==== Supplied material ====
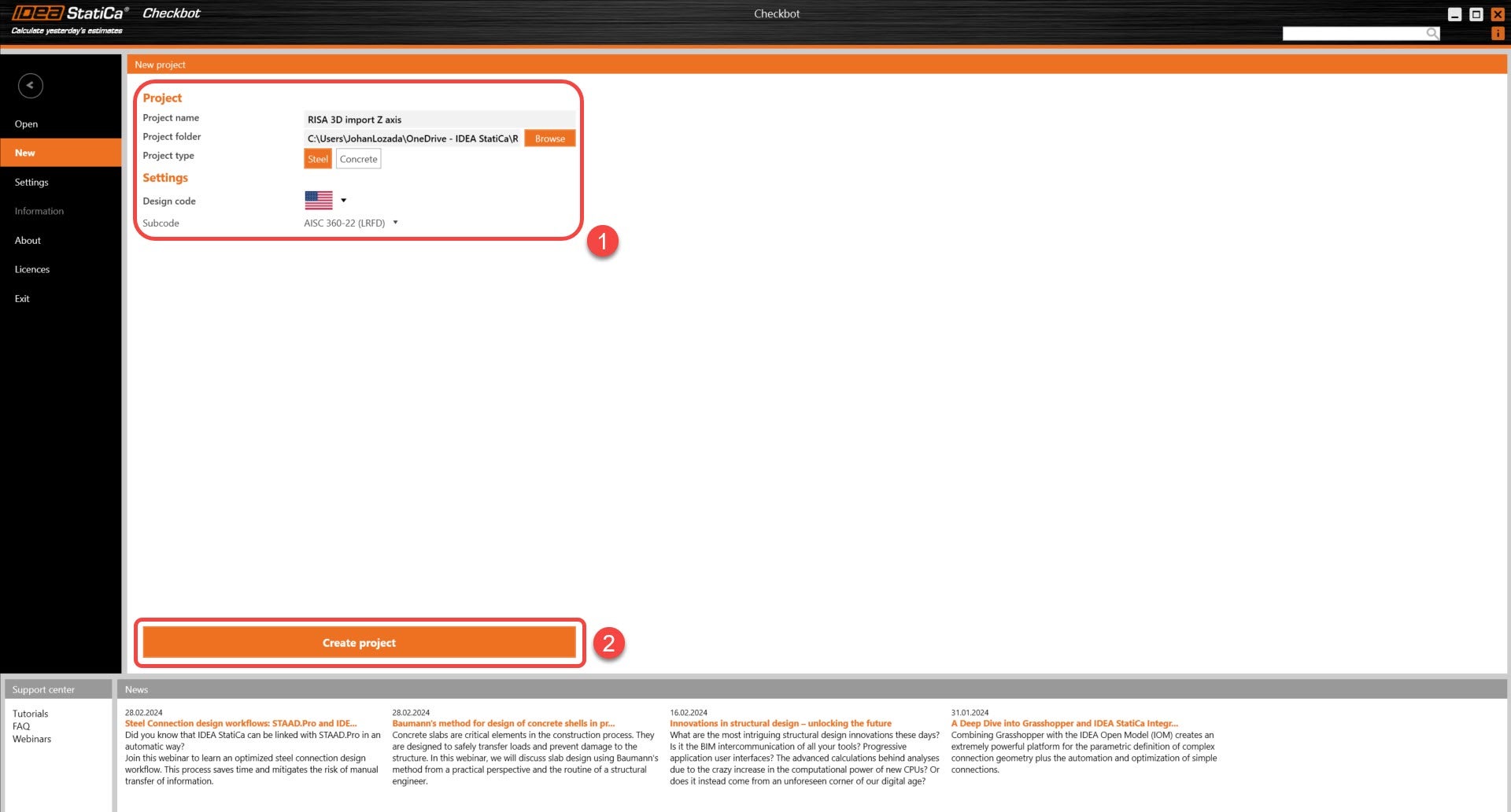 Notes: The SAF-based integration is developed and maintained by RISA. IDEA StatiCa is not involved in maintaining this integration. All technical requirements and questions should be addressed to RISA directly.
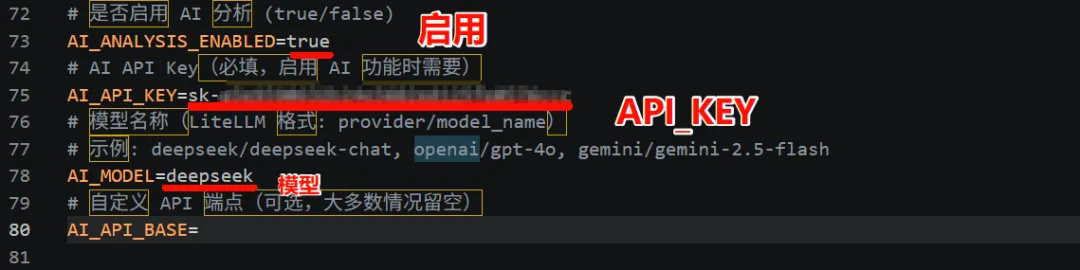 # 是否启用 AI 分析 (true/false)AI_ANALYSIS_ENABLED=true# AI API Key(必填,启用 AI 功能时需要)AI_API_KEY=sk-xxxxxxx# 模型名称(LiteLLM 格式: provider/model_name)# 示例: deepseek/deepseek-chat, openai/gpt-4o, gemini/gemini-2.5-flashAI_MODEL=deepseek# 自定义 API 端点(可选,大多数情况留空)AI_API_BASE=
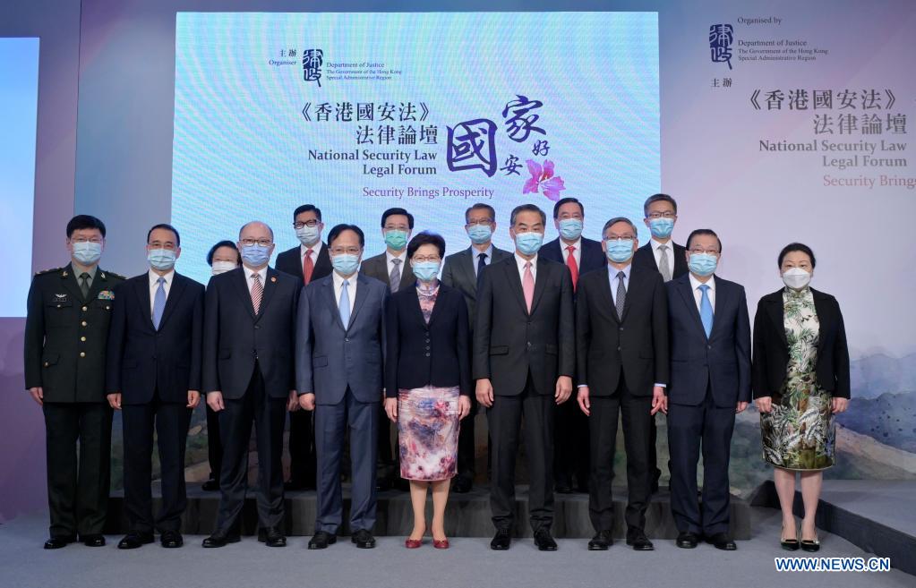 The forum, entitled "National Security Law Legal Forum -- Security Brings Prosperity," was organized by the Department of Justice of the Hong Kong Special Administrative Region (HKSAR) government online and offline. It aimed at enhancing people's understanding of the national security law in Hong Kong.
====
◆ **Work to complete**
Print the material precisely as given, dropping any images it holds.

◆ **Result**
 Notes: The SAF-based integration is developed and maintained by RISA. IDEA StatiCa is not involved in maintaining this integration. All technical requirements and questions should be addressed to RISA directly.
 # 是否启用 AI 分析 (true/false)AI_ANALYSIS_ENABLED=true# AI API Key(必填,启用 AI 功能时需要)AI_API_KEY=sk-xxxxxxx# 模型名称(LiteLLM 格式: provider/model_name)# 示例: deepseek/deepseek-chat, openai/gpt-4o, gemini/gemini-2.5-flashAI_MODEL=deepseek# 自定义 API 端点(可选,大多数情况留空)AI_API_BASE=
 The forum, entitled "National Security Law Legal Forum -- Security Brings Prosperity," was organized by the Department of Justice of the Hong Kong Special Administrative Region (HKSAR) government online and offline. It aimed at enhancing people's understanding of the national security law in Hong Kong.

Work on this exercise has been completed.